[Data shown — start]

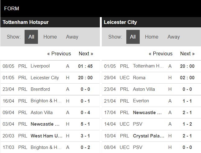 10 trận đấu gần đây nhất chứng kiến thành tích tương đối bất ổn của Tottenham khi mà đội bóng này mang về cho mình 6 trận thắng, 2 trận hòa và 2 trận thua. Đã 2 vòng đấu gần đây nhất, Tottenham đều không thể mang về cho mình một kết quả thực sự có lợi trước những đội bóng có lối chơi khó chịu là Brentford và Brighton. Chính điều đó đã khiến đoàn quân của HLV Antonio Conte đánh mất vị trí thứ 4 vào tay Arsenal. Chạm trán với đội bóng đang chơi thậm chí còn bất ổn hơn ở giai đoạn vừa qua là Leicester City, Tottenham sẽ cần phải cố gắng mang về cho mình 3 điểm trọn vẹn để tiếp tục bám đuổi Arsenal trên BXH.
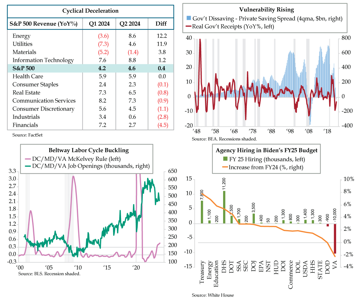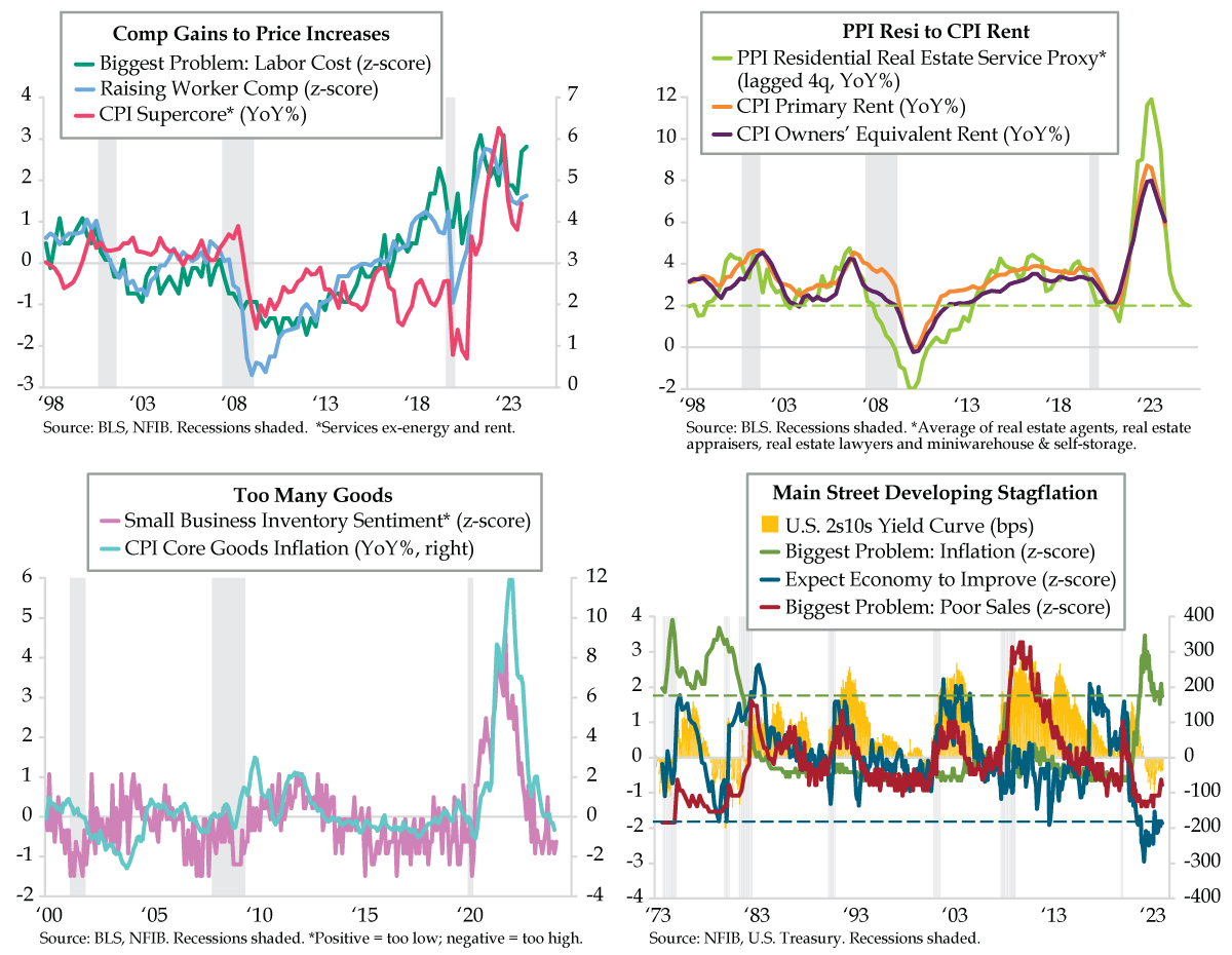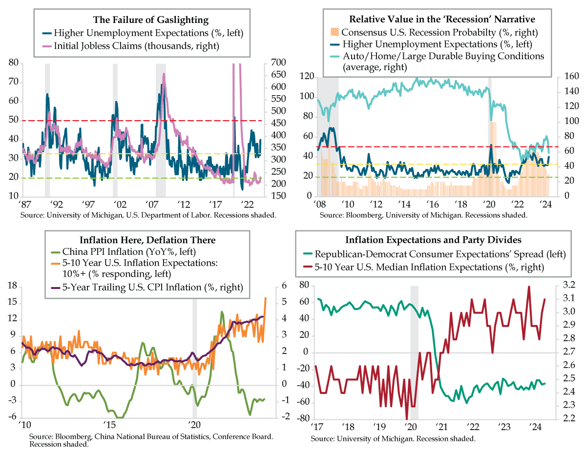 - In April, only 49% of households surveyed by Gallup saw now as a good time to find a quality job, the first sub-50 reading in eight years; given the series has historically moved with worker average hourly earnings growth, additional wage disinflation appears in store
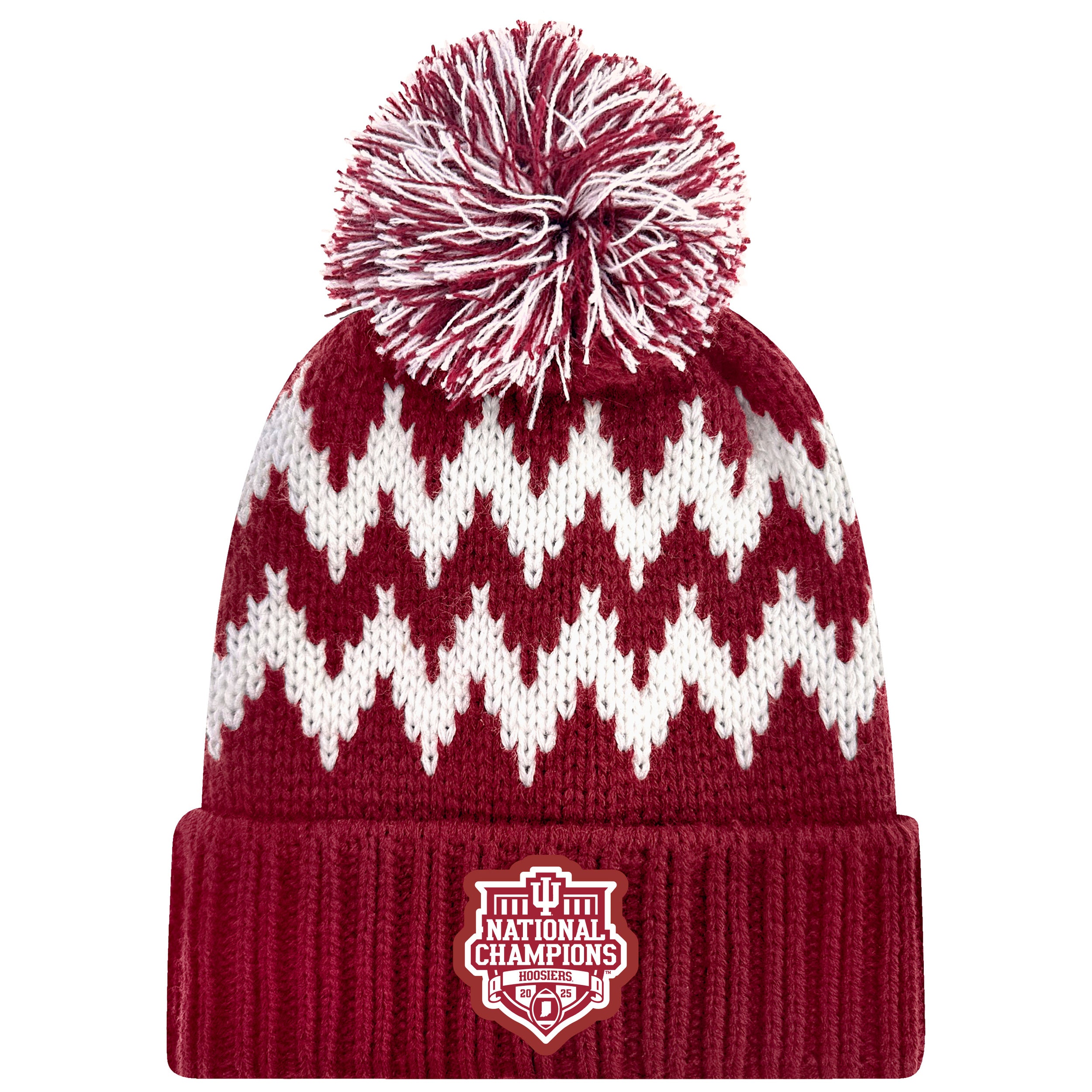 Go Hoosiers! This Indiana Football beanie is great for wearing to a game or just around campus! Featuring a red and white chevron pattern with a National Champions patch on the cuff and a pom on top, you will love this new IU hat. This Hoosiers winter hat makes it easy to show off your Indiana pride! This is an officially licensed collegiate product.

[Data shown — finish]

▶ _Instructions to follow_
Starting with the line that contains "- In April, only", repeat each line exactly until the listing ends, including the last one. Leave pictures out.

▶ _Output for this task_
 - In April, only 49% of households surveyed by Gallup saw now as a good time to find a quality job, the first sub-50 reading in eight years; given the series has historically moved with worker average hourly earnings growth, additional wage disinflation appears in store
 Go Hoosiers! This Indiana Football beanie is great for wearing to a game or just around campus! Featuring a red and white chevron pattern with a National Champions patch on the cuff and a pom on top, you will love this new IU hat. This Hoosiers winter hat makes it easy to show off your Indiana pride! This is an officially licensed collegiate product.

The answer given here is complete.